[Date Prev][Date Next][Thread Prev][Thread Next][Date Index][Thread Index]
Re: Surrogates and character representation
Alex Shinn quoting me:
> > I acknowledged that the algorithm will still work. My point
> > is that its asymptotic complexity may be degraded.
> I'm sorry, perhaps I'm just misunderstanding, but if the exact
> same algorithm, in fact the exact same code, can be used,
> how is the asymptotic complexity affected?
The different representations for the string being searched
(UTF-8 vs UTF-32) change the problem. The main difference
is that UTF-32 admits random access of characters, while
UTF-8 does not. UTF-8 admits random access of bytes, but
there is no way to convert a byte value obtained by random
access into a UTF-8 string into the character offset on
which the Boyer-Moore algorithm depends, short of reading
all the characters that precede the randomly accessed byte.

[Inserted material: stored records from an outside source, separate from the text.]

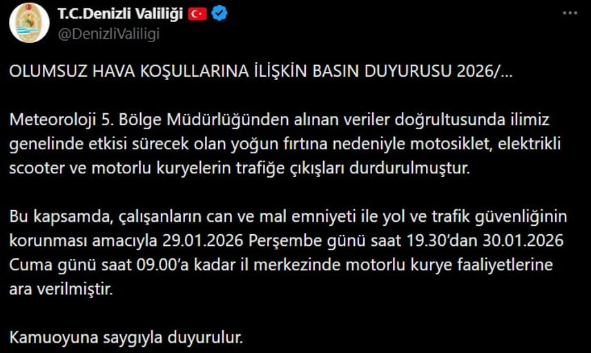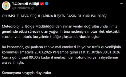 Meteoroloji verilerine dayanan bilgilere göre, Denizli'de etkili olmaya devam eden yoğun fırtına sebebiyle, Denizli Valiliği, motorlu kurye faaliyetlerini geçici olarak durdurma kararı almıştır.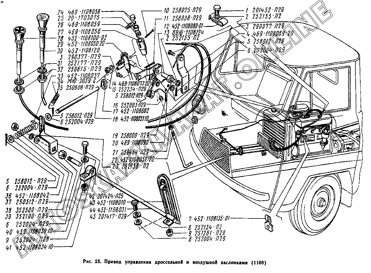 Привод управления дроссельной и воздушной заслонками (1108) УАЗ 3741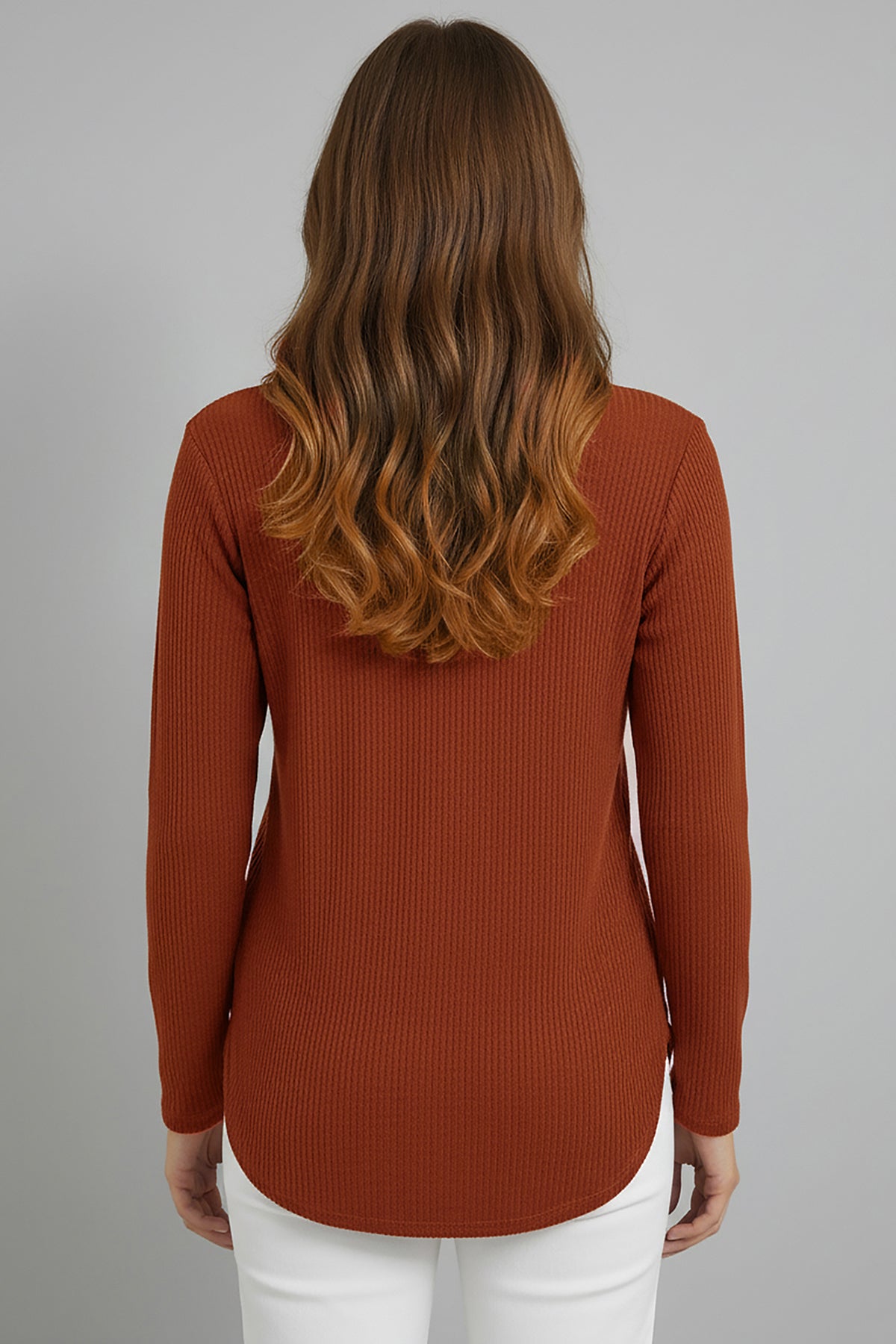 Büyük Beden Taş İşlemeli Bluz Kiremit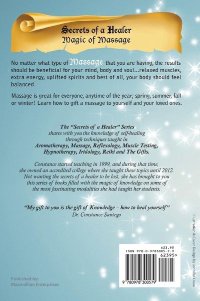 Secrets of a Healer - Magic of Massage includes over twelve massages and the specific movements and techniques that I taught my students when I owned an accredited Natural Health & Healing College. Have fun practicing these beneficial massages on your friends and family. LEARNING OUTCOME: When you have completed this book and studied the concepts and techniques, you will be able to perform many massages that help to reduce stress, relax sore and achy muscles, and improve many of the body’s vital systems; such as circulation and lymphatic. Relax, Rejuvenate, and Bond Many Different Types of Massages Be Able to perform Basic Massage Techniques on yourself, friends, and loved ones.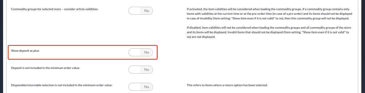 The "Show deposit as plus" option can be used to control how deposit amounts are displayed to the user in the webshop or app.

As Per Bothner agreed, that can degrade the asympototic
complexity of the algorithm from O(n/m) to O(n).
> Please note that I said "additional overhead." Nowhere did I say
> or suggest that UTF-32 incurred an asymptotic penalty. However,
> the c1 and c2 are not just constants - they are typically larger than
> m, and therefore should not be ignored.
Your belief that c1 and c2 are larger than m depends upon
your implicit assumption that the automaton will be
represented in some absurdly naive way. With any reasonable
representation, c1 and c2 are negligibly small.

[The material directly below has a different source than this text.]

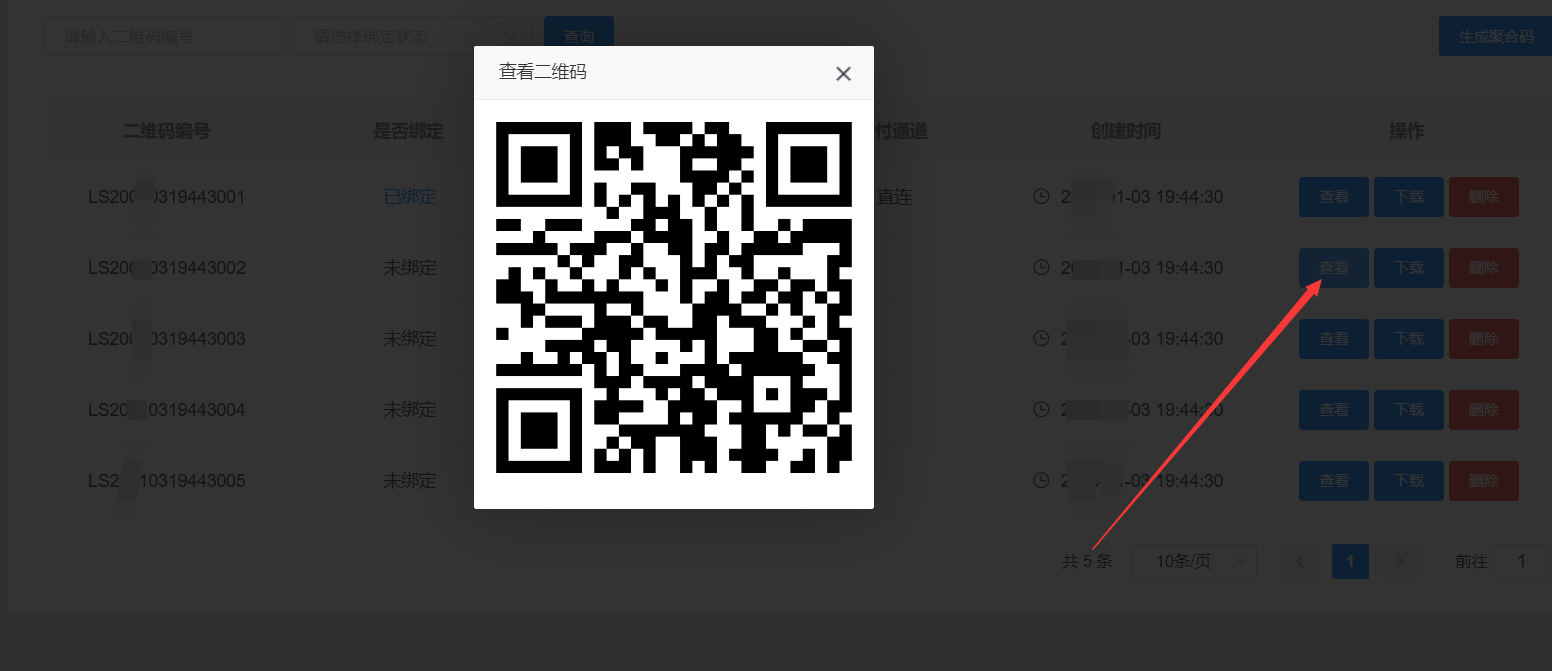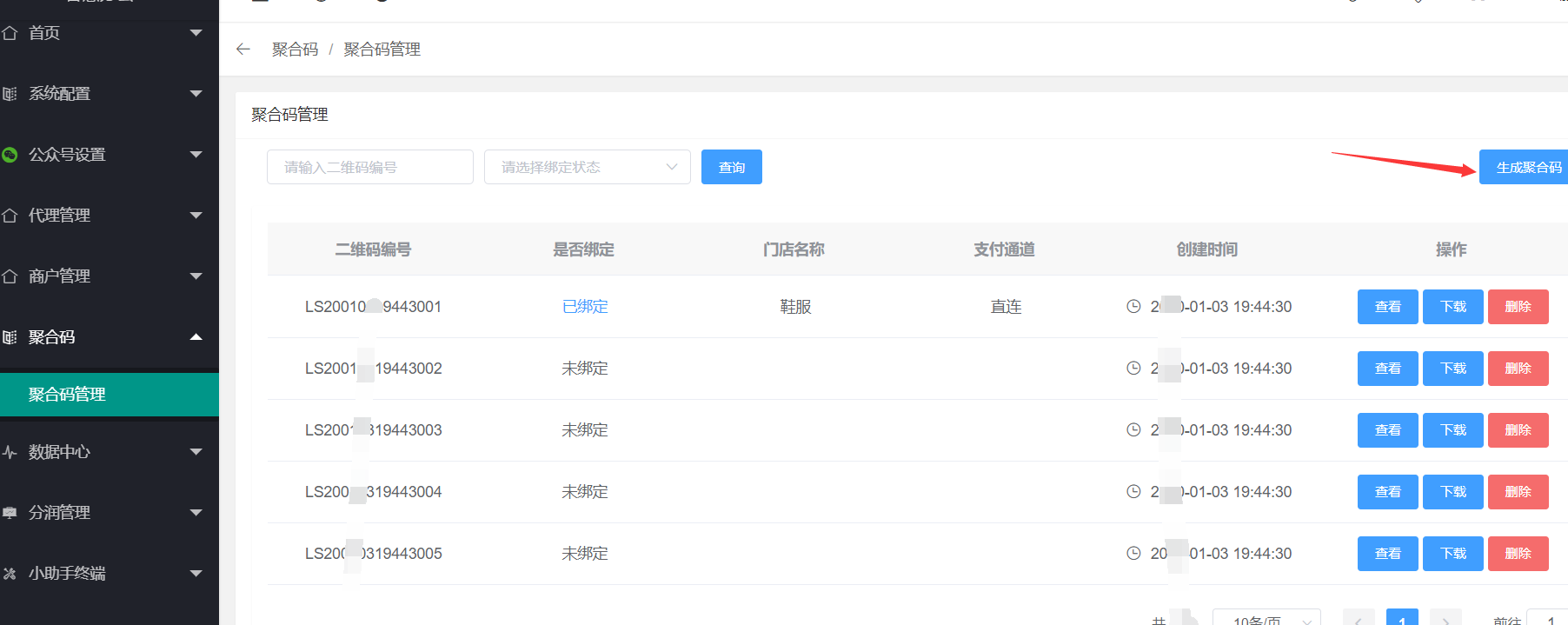 1、点击生成聚合码,可以自定义生成一系列的空白的聚合码,用于商户扫码激活

The Boyer-Moore fast string search algorithm is an important
algorithm that serves as a well-known example of the issue we
are discussing, but its asymptotic complexity (both time and
space) is not trivial to analyze, and that has been an
impediment to our discussion. In another message I will
present and analyze the Freshman-Level Boyer-Moore algorithm
(FLBM), which is a simplified version that is simple enough
for me to explain in freshmen-level courses, yet exhibits the
asymptotic behavior that is relevant to this discussion.